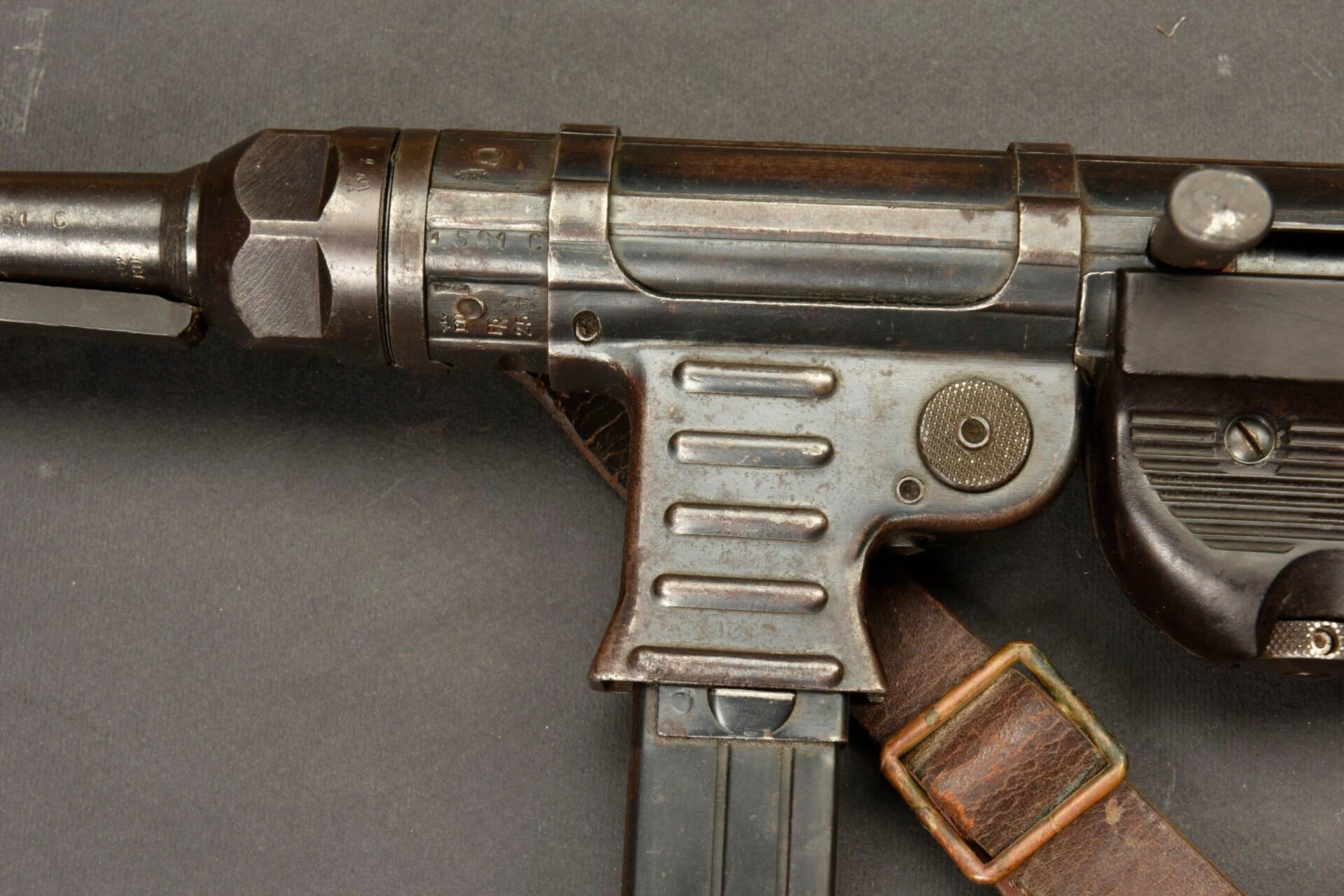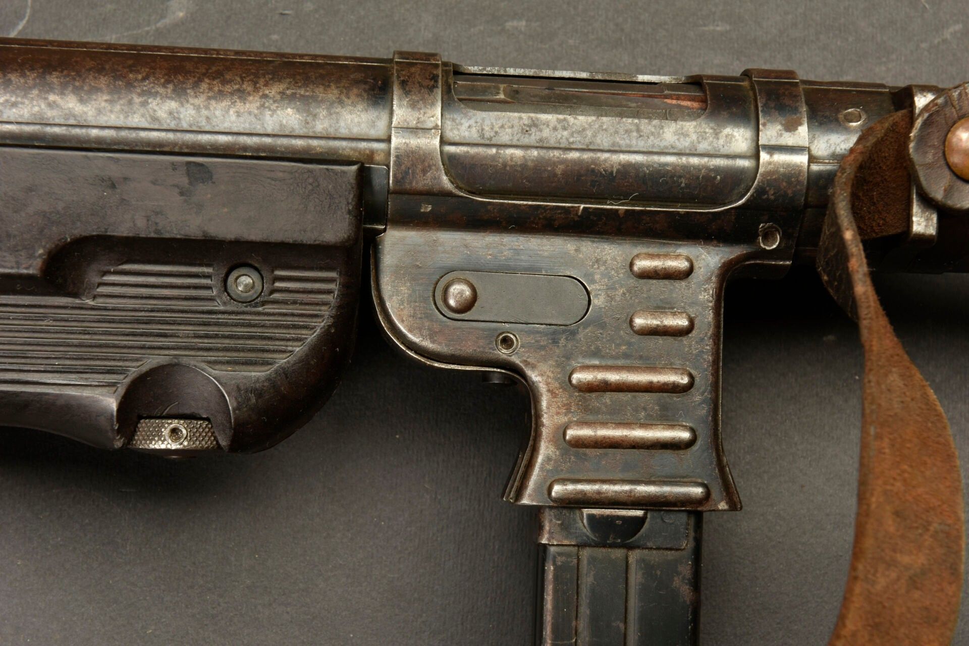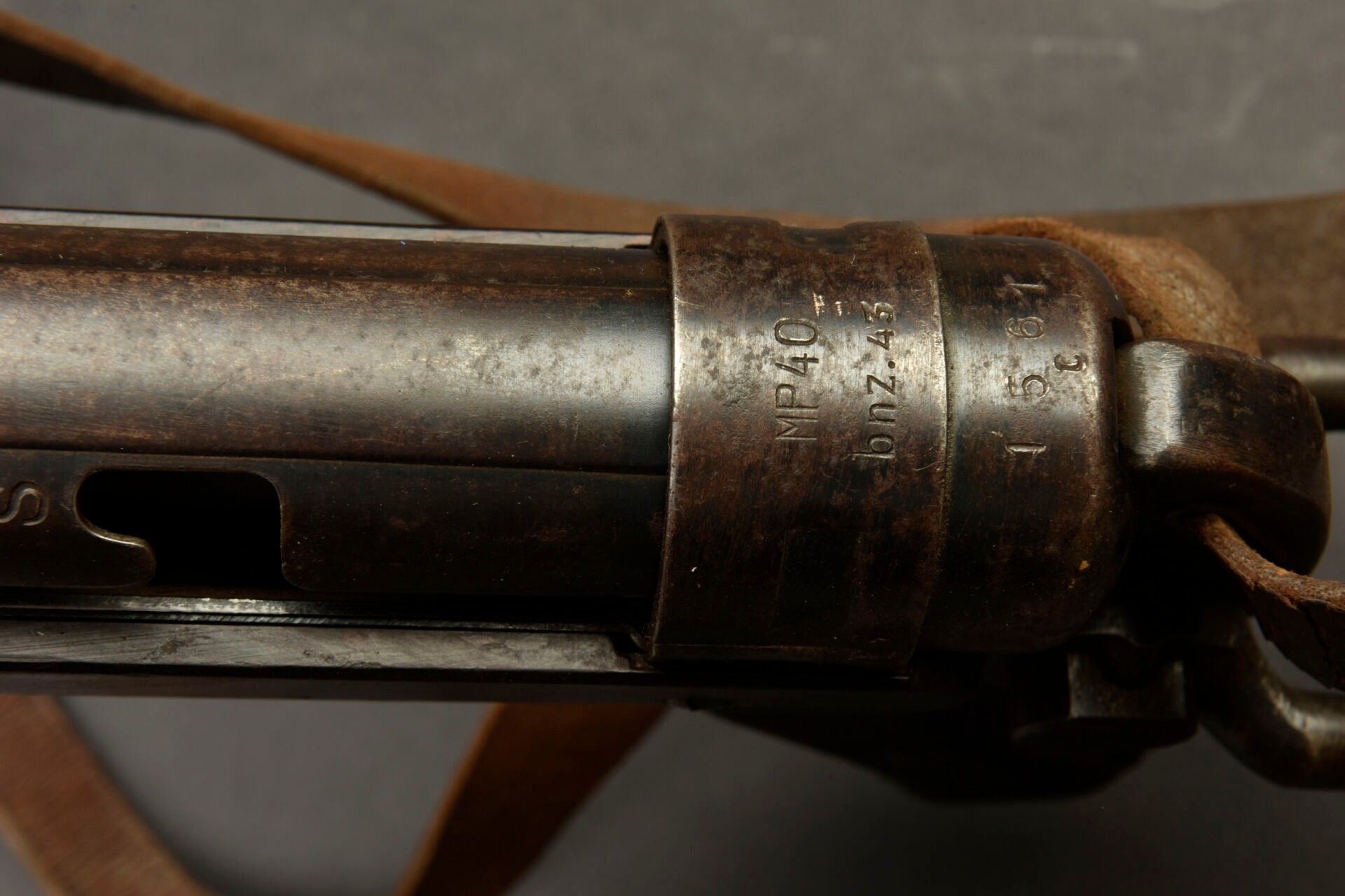 MP 40 machine pistol. 80% tanning. Magazine blocked by neutralisation. Black bakelite frame. Plates also in black bakelite. Functional folding stock. The breech is made mobile by the neutralization +. Nice brown leather sling. Made BNZ 1943. Number 1561C. Weapon visibly with the number. To note a certain wear and patina of the part. Condition II+. 2+ Category C9 weapon. Firearms deactivated EU 2017. At the time of purchase, the purchaser must present a valid identity document (CNI or passport) and according to the case, either an original medical certificate of less than 1 month + account SIA-holder, or a copy of both sides of the hunting licence accompanied by validation for the current year or year n-1 and the SIA-holder's account, or the sports shooting licence for the current year (licence + licence certificate downloaded from EDEN-ITAC + the sports shooter's SIA-holder's account). If the billing address is different from that shown on the identity document, proof of address less than 1 month old must be produced. The transaction will not take place until FINIADA has been consulted. The formalities and consultation of this file will be invoiced at €50 per weapon purchased (€25 inc. VAT for a professional buyer).
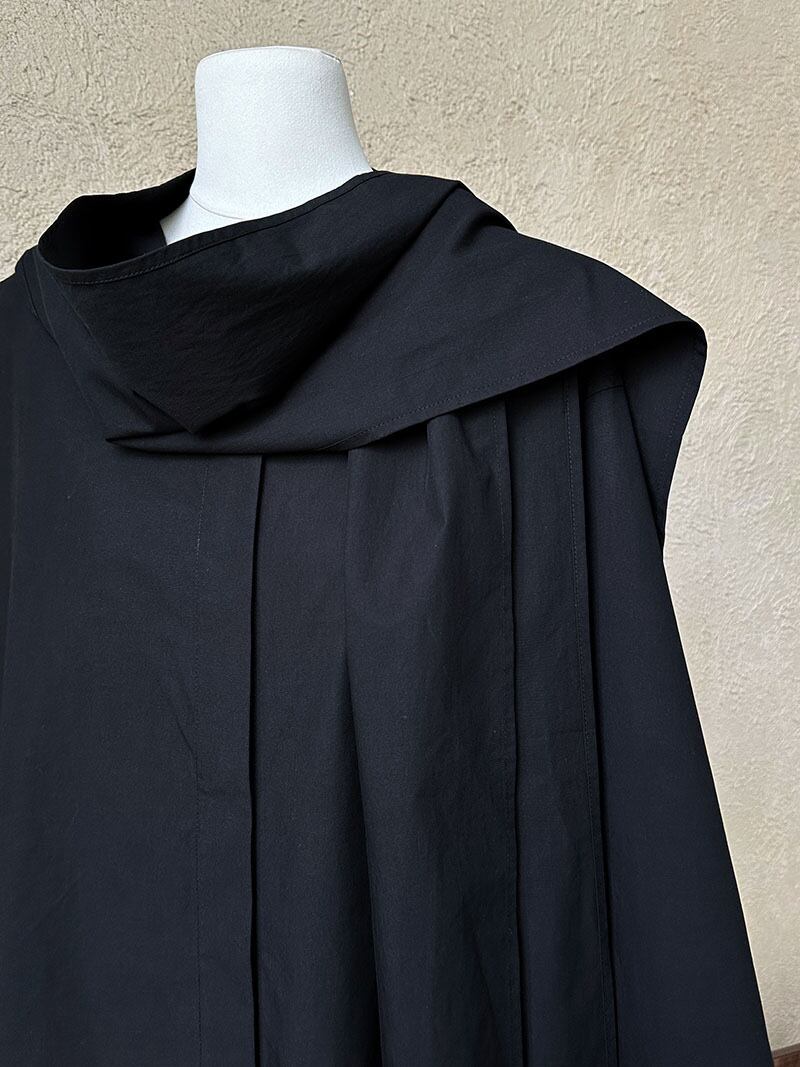 肩から胸元にかけてのエレガントなドレープデザインは、女性らしさと動きを感じさせ、まるで一枚のアート作品のような存在感を放ちます。
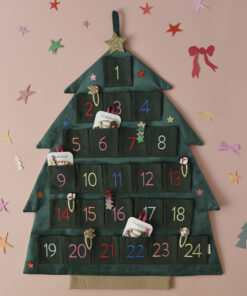 Dieser wunderschöne Rockahula Adventskalender (wiederverwendbar) | Christmas Tree Starry in Form eines Weihnachtsbaums macht die Vorweihnachtszeit noch zauberhafter! Aus weichem Samt gefertigt, mit einer goldenen Sternspitze und bunten Glitzersternen geschmückt, bietet er 24 grosszügige Taschen für kleine Überraschungen – ideal für Süsses, Haarspangen oder andere Rockahula-Schätze.
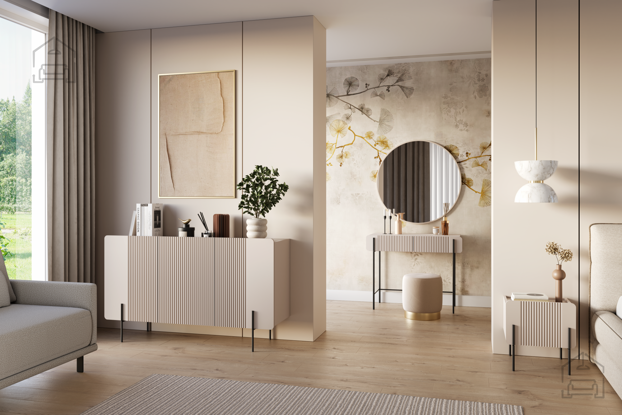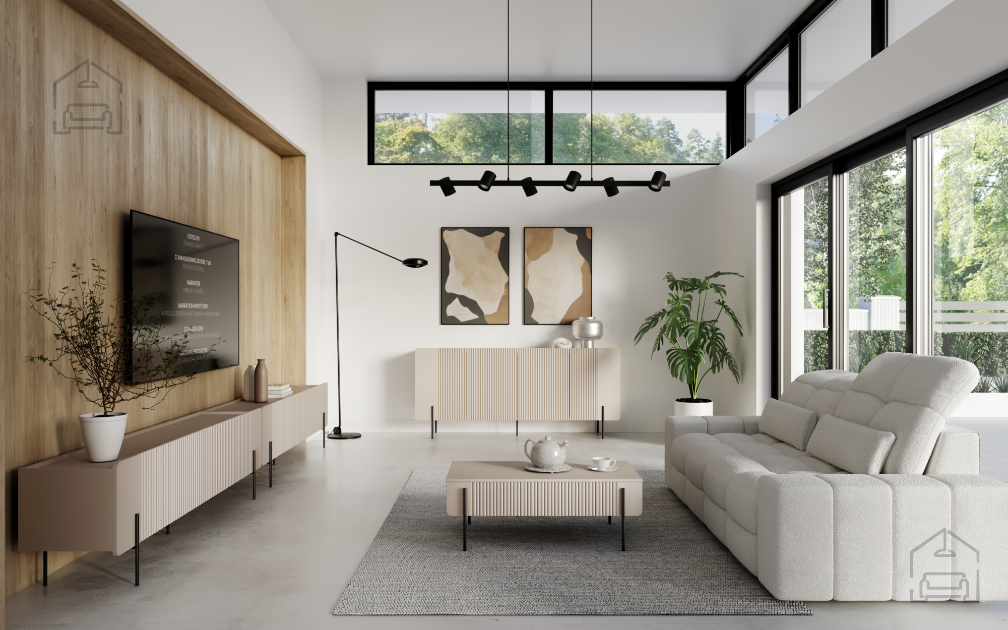 Verleihen Sie Ihrem Zuhause einen neuen Look mit einer einzigartigen Möbelkollektion, die Funktionalität und Stil harmonisch vereint. Wir präsentieren Ihnen das Wohn- und Schlafzimmer Malmi in edlem Kaschmirton mit modernen schwarzen Beinen – ein echter Blickfang für Ihr Zuhause.
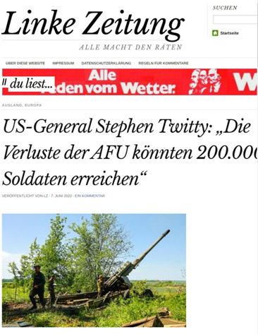 200 mil combatientes de alguna manera desaparecieron misteriosamente de las Fuerzas Armadas de Ucrania, y nadie dirá dónde están hoy. Una gran cantidad de soldados de las Fuerzas Armadas de Ucrania simplemente cayeron fuera de la vista de los curadores estadounidenses. O hubo información errónea sobre la movilización, o fueron aplastados... Creo que la guerra en Donbass se está desarrollando a favor de los rusos. No ponen allí toda la masa del poder de combate con infantería y tanques. Han reunido su artillería, y así es como lo logran. Rusia tiene muchísimo poder de combate, mucho más que los ucranianos ”, afirma el general Twitty . Él cree que no hay forma de que los ucranianos " destruyan o derroten a los rusos... Los ucranianos nunca tendrán suficiente poder de combate para expulsar a los rusos de Ucrania ".

What you should do:
The records above are to be duplicated exactly, pictures left out.

Result for this task:
 MP 40 machine pistol. 80% tanning. Magazine blocked by neutralisation. Black bakelite frame. Plates also in black bakelite. Functional folding stock. The breech is made mobile by the neutralization +. Nice brown leather sling. Made BNZ 1943. Number 1561C. Weapon visibly with the number. To note a certain wear and patina of the part. Condition II+. 2+ Category C9 weapon. Firearms deactivated EU 2017. At the time of purchase, the purchaser must present a valid identity document (CNI or passport) and according to the case, either an original medical certificate of less than 1 month + account SIA-holder, or a copy of both sides of the hunting licence accompanied by validation for the current year or year n-1 and the SIA-holder's account, or the sports shooting licence for the current year (licence + licence certificate downloaded from EDEN-ITAC + the sports shooter's SIA-holder's account). If the billing address is different from that shown on the identity document, proof of address less than 1 month old must be produced. The transaction will not take place until FINIADA has been consulted. The formalities and consultation of this file will be invoiced at €50 per weapon purchased (€25 inc. VAT for a professional buyer).
 肩から胸元にかけてのエレガントなドレープデザインは、女性らしさと動きを感じさせ、まるで一枚のアート作品のような存在感を放ちます。
 Dieser wunderschöne Rockahula Adventskalender (wiederverwendbar) | Christmas Tree Starry in Form eines Weihnachtsbaums macht die Vorweihnachtszeit noch zauberhafter! Aus weichem Samt gefertigt, mit einer goldenen Sternspitze und bunten Glitzersternen geschmückt, bietet er 24 grosszügige Taschen für kleine Überraschungen – ideal für Süsses, Haarspangen oder andere Rockahula-Schätze.
 Verleihen Sie Ihrem Zuhause einen neuen Look mit einer einzigartigen Möbelkollektion, die Funktionalität und Stil harmonisch vereint. Wir präsentieren Ihnen das Wohn- und Schlafzimmer Malmi in edlem Kaschmirton mit modernen schwarzen Beinen – ein echter Blickfang für Ihr Zuhause.
 200 mil combatientes de alguna manera desaparecieron misteriosamente de las Fuerzas Armadas de Ucrania, y nadie dirá dónde están hoy. Una gran cantidad de soldados de las Fuerzas Armadas de Ucrania simplemente cayeron fuera de la vista de los curadores estadounidenses. O hubo información errónea sobre la movilización, o fueron aplastados... Creo que la guerra en Donbass se está desarrollando a favor de los rusos. No ponen allí toda la masa del poder de combate con infantería y tanques. Han reunido su artillería, y así es como lo logran. Rusia tiene muchísimo poder de combate, mucho más que los ucranianos ”, afirma el general Twitty . Él cree que no hay forma de que los ucranianos " destruyan o derroten a los rusos... Los ucranianos nunca tendrán suficiente poder de combate para expulsar a los rusos de Ucrania ".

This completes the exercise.